Data excerpt Block Start

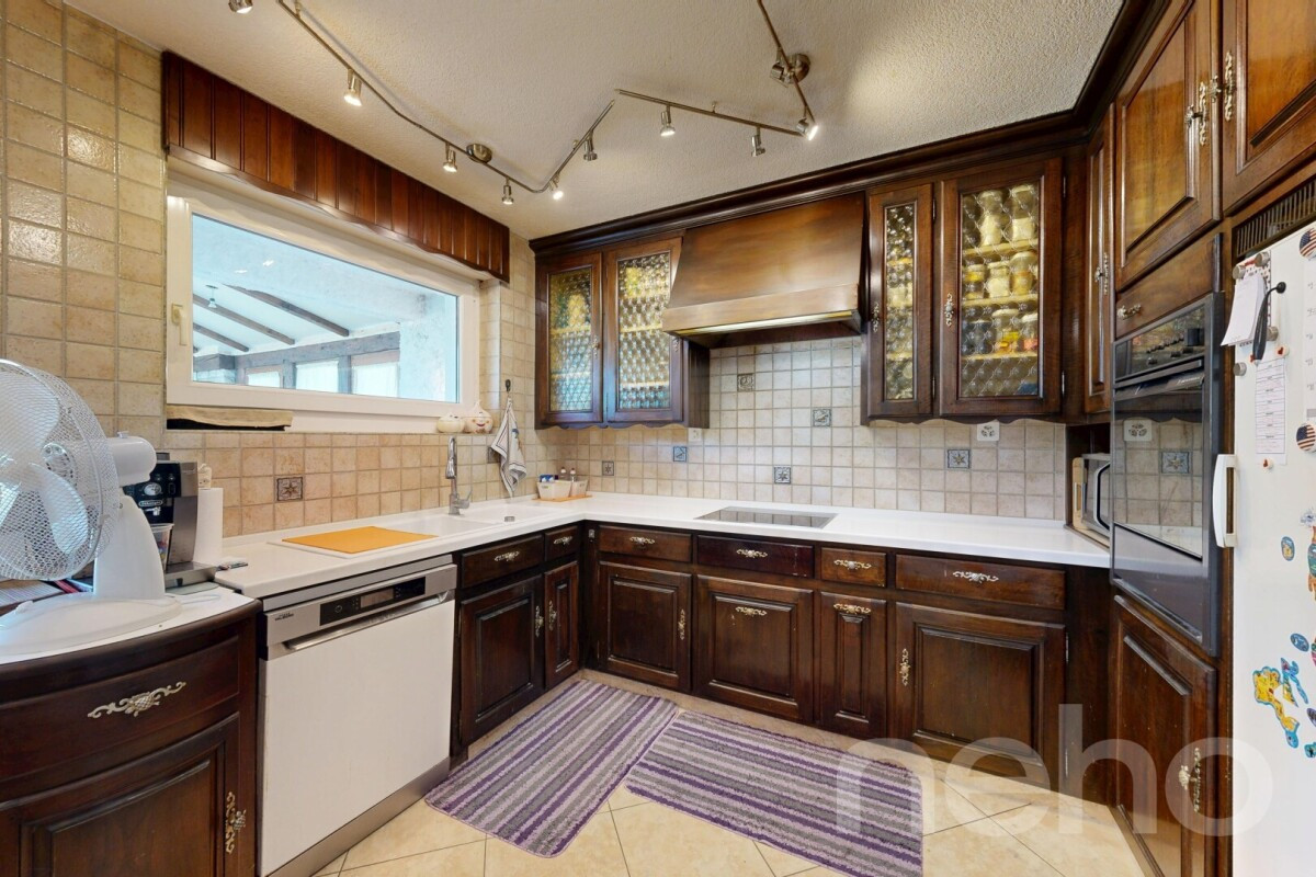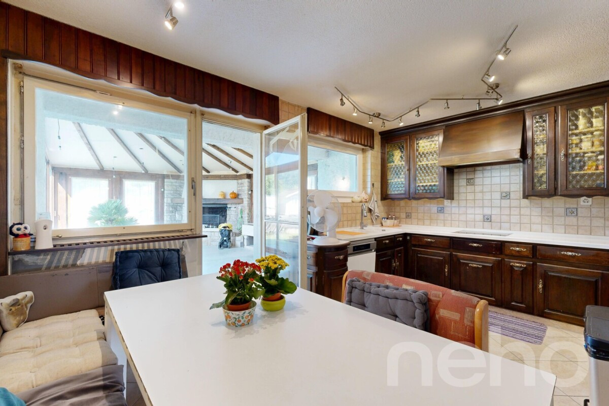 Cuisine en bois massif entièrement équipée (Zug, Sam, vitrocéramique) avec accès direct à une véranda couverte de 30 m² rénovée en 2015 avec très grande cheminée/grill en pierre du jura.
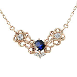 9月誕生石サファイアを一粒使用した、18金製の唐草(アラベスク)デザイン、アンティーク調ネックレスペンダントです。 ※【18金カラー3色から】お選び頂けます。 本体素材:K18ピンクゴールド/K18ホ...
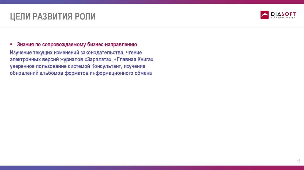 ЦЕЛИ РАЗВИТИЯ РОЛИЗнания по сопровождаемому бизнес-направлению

Data excerpt Block End

» Task statement: Extract all the data above exactly, excluding every picture.

» Finished task:
 Cuisine en bois massif entièrement équipée (Zug, Sam, vitrocéramique) avec accès direct à une véranda couverte de 30 m² rénovée en 2015 avec très grande cheminée/grill en pierre du jura.
 9月誕生石サファイアを一粒使用した、18金製の唐草(アラベスク)デザイン、アンティーク調ネックレスペンダントです。 ※【18金カラー3色から】お選び頂けます。 本体素材:K18ピンクゴールド/K18ホ...
 ЦЕЛИ РАЗВИТИЯ РОЛИЗнания по сопровождаемому бизнес-направлению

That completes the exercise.